OpenAI¶
If you're opening this Notebook on colab, you will probably need to install LlamaIndex 🦙.
%pip install llama-index llama-index-llms-openai
Basic Usage¶
import os
os.environ["OPENAI_API_KEY"] = "sk-..."
from llama_index.llms.openai import OpenAI
llm = OpenAI(
model="gpt-4o-mini",
# api_key="some key", # uses OPENAI_API_KEY env var by default
)
Call complete
with a prompt¶
from llama_index.llms.openai import OpenAI
resp = llm.complete("Paul Graham is ")
print(resp)
a computer scientist, entrepreneur, and venture capitalist. He is best known for co-founding the startup accelerator Y Combinator and for his work on Lisp, a programming language. Graham has also written several influential essays on startups, technology, and entrepreneurship.
Call chat
with a list of messages¶
from llama_index.core.llms import ChatMessage
messages = [
ChatMessage(
role="system", content="You are a pirate with a colorful personality"
),
ChatMessage(role="user", content="What is your name"),
]
resp = llm.chat(messages)
print(resp)
assistant: Ahoy matey! The name's Rainbow Roger, the most colorful pirate on the seven seas! What can I do for ye today?
Streaming¶
Using stream_complete
endpoint
resp = llm.stream_complete("Paul Graham is ")
for r in resp:
print(r.delta, end="")
a computer scientist, entrepreneur, and venture capitalist. He is best known for co-founding the startup accelerator Y Combinator and for his work on programming languages and web development. Graham is also a prolific writer and has published several influential essays on technology, startups, and entrepreneurship.
Using stream_chat
endpoint
from llama_index.core.llms import ChatMessage
messages = [
ChatMessage(
role="system", content="You are a pirate with a colorful personality"
),
ChatMessage(role="user", content="What is your name"),
]
resp = llm.stream_chat(messages)
for r in resp:
print(r.delta, end="")
Ahoy matey! The name's Captain Rainbowbeard! Aye, I be a pirate with a love for all things colorful and bright. Me beard be as vibrant as a rainbow, and me ship be the most colorful vessel on the seven seas! What can I do for ye today, me hearty?
Configure Model¶
from llama_index.llms.openai import OpenAI
llm = OpenAI(model="gpt-4o")
resp = llm.complete("Paul Graham is ")
print(resp)
a computer scientist, entrepreneur, and venture capitalist. He is best known for co-founding the startup accelerator Y Combinator and for his work on Lisp, a programming language. Graham has also written several influential essays on startups, technology, and entrepreneurship.
messages = [
ChatMessage(
role="system", content="You are a pirate with a colorful personality"
),
ChatMessage(role="user", content="What is your name"),
]
resp = llm.chat(messages)
print(resp)
assistant: Ahoy matey! The name's Captain Rainbowbeard, the most colorful pirate on the seven seas! What can I do for ye today? Arrr!
Function Calling¶
OpenAI models have native support for function calling. This conveniently integrates with LlamaIndex tool abstractions, letting you plug in any arbitrary Python function to the LLM.

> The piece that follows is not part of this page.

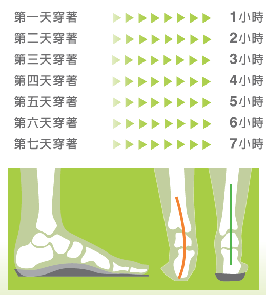 第一次開始穿著矯正鞋墊對於某些人會有以下反應,請不用擔心,耐心參考此說明,您可以很快得到舒緩。 首次穿著矯正鞋墊,第一天穿一小時,若超過一小時後足部有明顯疼痛但非異物感,請將鞋墊拿掉,採用漸進式加時方式穿著,穿到一週後就可正常使用。 倘若仍有持續足部不適情形超過3~5天,請返回醫院/診所請專業醫護人員再檢查。

In the example below, we define a function to generate a Song object.
from pydantic import BaseModel
from llama_index.core.tools import FunctionTool
class Song(BaseModel):
"""A song with name and artist"""
name: str
artist: str
def generate_song(name: str, artist: str) -> Song:
"""Generates a song with provided name and artist."""

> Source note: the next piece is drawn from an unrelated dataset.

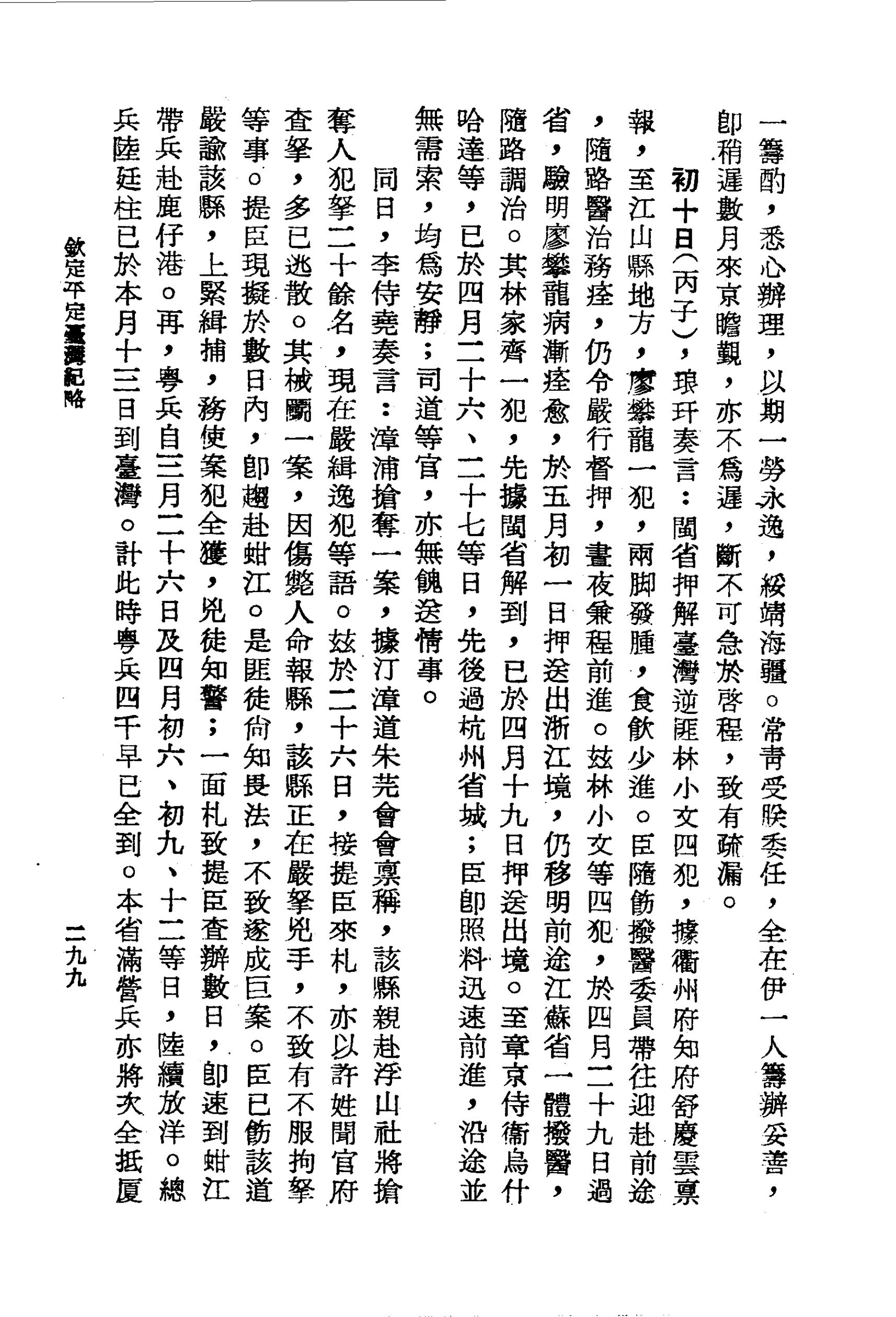 初十日(丙子),琅玕奏言:閩省押解臺灣逆匪林小文四犯,據衢州府知府舒慶雲稟報,至江山縣地方,廖攀龍一犯,兩腳發腫,食飲少進。臣隨飭撥醫委員帶往迎赴前途,隨路醫治務痊,仍令嚴行督押,晝夜兼程前進。茲林小文等四犯,於四月二十九日過省,驗明廖攀龍病漸痊愈,於五月初一日押送出浙江境,仍移明前途江蘇省一體撥醫,隨路調治。其林家齊一犯,先據閩省解到,已於四月十九日押送出境。至章京侍衛烏什哈達等,已於四月二十六、二十七等日,先後過杭州省城;臣即照料迅速前進,沿途並無需索,均為安靜;司道等官,亦無餽送情事。

return Song(name=name, artist=artist)
tool = FunctionTool.from_defaults(fn=generate_song)
The strict
parameter tells OpenAI whether or not to use constrained sampling when generating tool calls/structured outputs. This means that the generated tool call schema will always contain the expected fields.
Since this seems to increase latency, it defaults to false.
from llama_index.llms.openai import OpenAI
llm = OpenAI(model="gpt-4o-mini", strict=True)
response = llm.predict_and_call(
[tool],
"Pick a random song for me",
# strict=True # can also be set at the function level to override the class
)
print(str(response))
name='Random Vibes' artist='DJ Chill'
We can also do multiple function calling.
llm = OpenAI(model="gpt-3.5-turbo")
response = llm.predict_and_call(
[tool],
"Generate five songs from the Beatles",
allow_parallel_tool_calls=True,
)
for s in response.sources:
print(f"Name: {s.tool_name}, Input: {s.raw_input}, Output: {str(s)}")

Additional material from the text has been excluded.